Мистер Тревор чувствовал, что дело проиграно. Однако он опять поднялся с места и обратился к присяжным с сильной речью. Но все чувствовали, что это одна декламация, что убедительных доводов у защитника нет. Коронный обвинитель сделал возражение, искусно суммируя данные следствия и группируя улики, и настаивал на обвинительном приговоре. Присяжные ушли совещаться и довольно скоро вынесли вердикт: да, виновен, но заслуживает снисхождения.

Приговор судьи был — обратиться через министра юстиции к королевскому милосердию для замены установленного законом наказания ссылкой.

Джо ничего не сказал, только низко опустил голову. Его отвели обратно в его камеру, где вокруг его шеи сейчас же обвились руки плачущей Мэри.

— Мэри, вы очень меня браните? — спросил Джо.

— Браню? — отвечала она. — Я перед вами преклоняюсь.

— Мэри, меня ведь могут и казнить. Королевское милосердие не всегда в подобных случаях применяется. Как взглянет министр юстиции. Но я знаю, что я невинен, и верю, что небо для меня открыто.

Тут ему вспомнилась Эмма Филипс — и он закрыл себе лицо обеими руками.

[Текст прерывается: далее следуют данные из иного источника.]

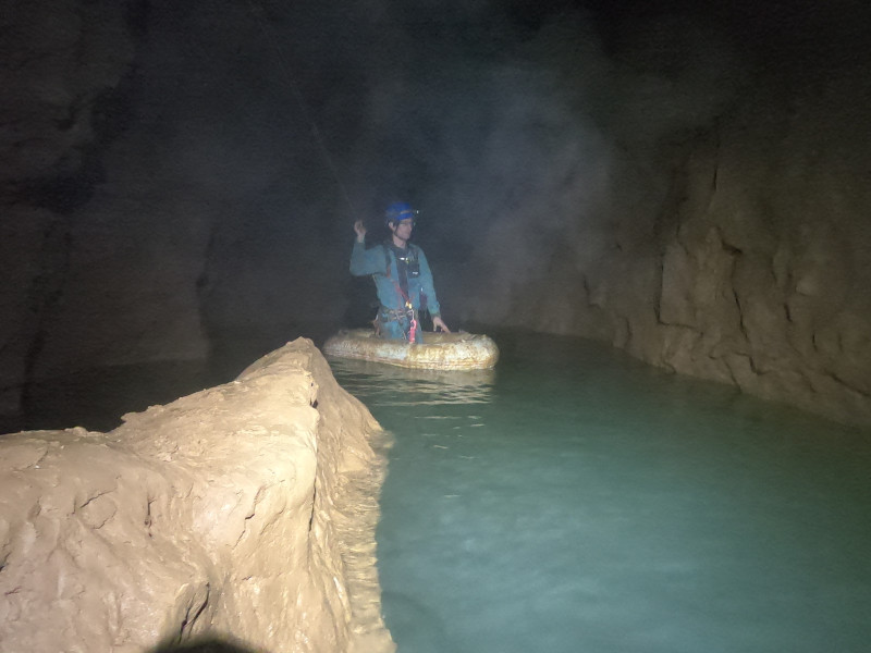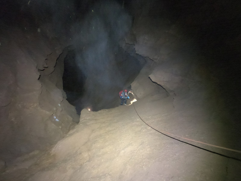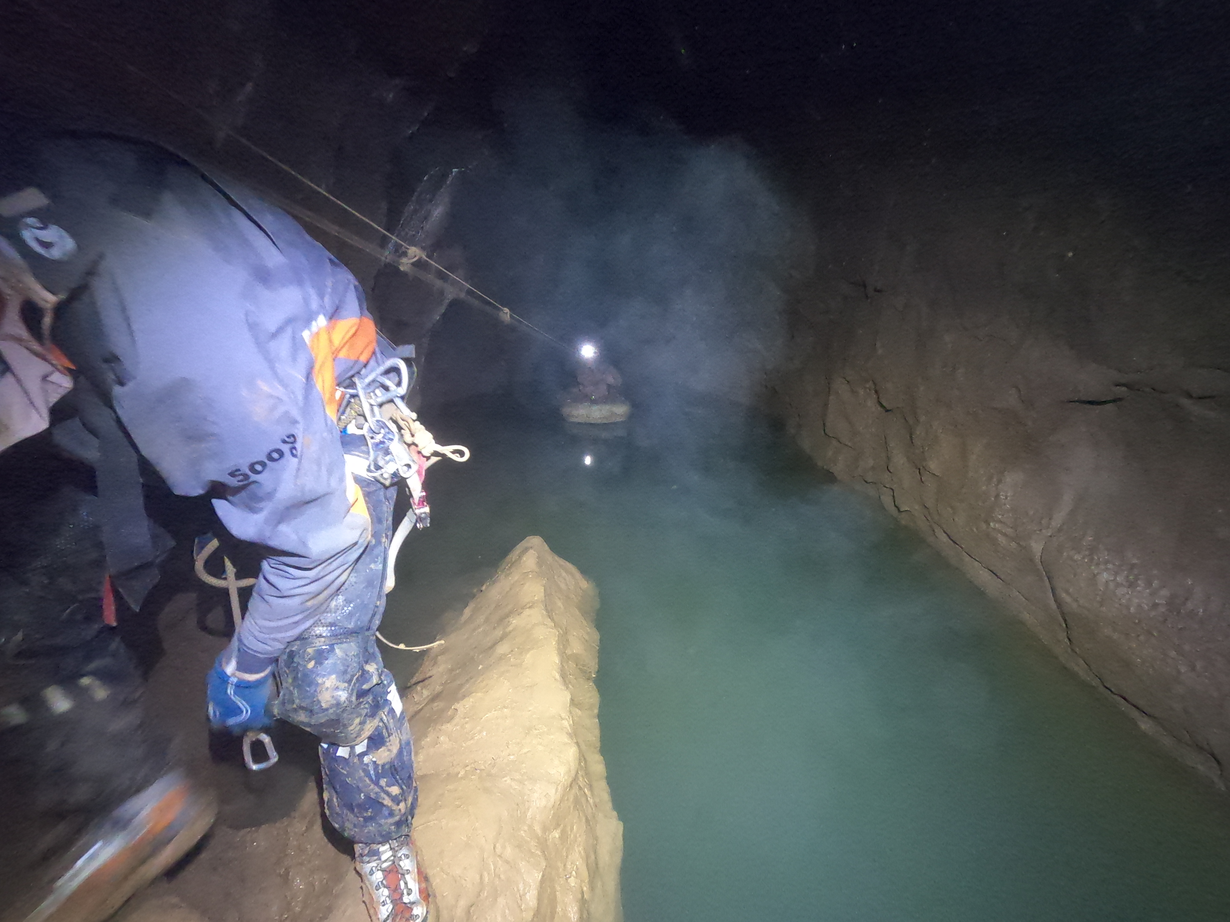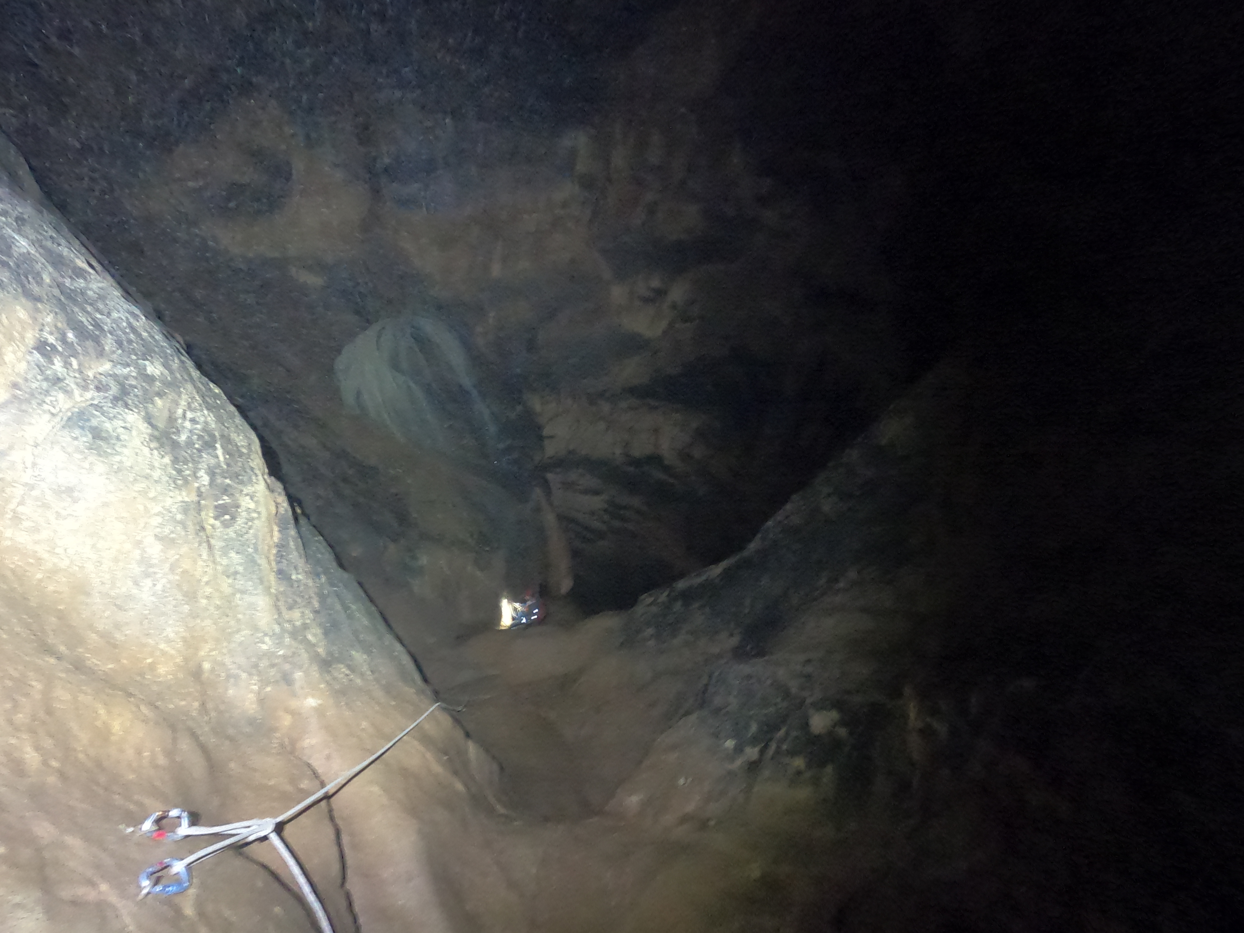 Puits de 50m à l'entrée, puis successions de plans inclinées pour descendre jusqu'au lac à -227m

— Что она подумает обо мне! — размышлял он. — Что я для нее теперь! Осужденный преступник! Каторжник! Это для меня тяжелее всего.

— Джо, — сказала Мэри, до сих пор молча плакавшая, — мне надобно будет уехать. Вы можете с ней повидаться теперь?

— Она сама не захочет со мной видеться! Она меня уже презирает! — отвечал Джо.

— Что? Ваша мать презирает своего благородного, великодушного сына? Как могло прийти вам это в голову Джо?

— Мэри, я подразумевал не ее, я про другую думал, — возразил Джо. — Конечно, я очень рад буду повидаться с матерью.

— Тогда я сейчас еду. Вспомните, как она тревожится и тоскует. Я возьму почтовых и выеду сегодня в ночь. Завтра утром я уже буду в замке.

— Поезжайте, дорогая Мэри. Да благословит вас Бог! Поспешите к моей бедной матери и передайте ей, что я совершенно — да, совершенно — спокоен и покоряюсь судьбе.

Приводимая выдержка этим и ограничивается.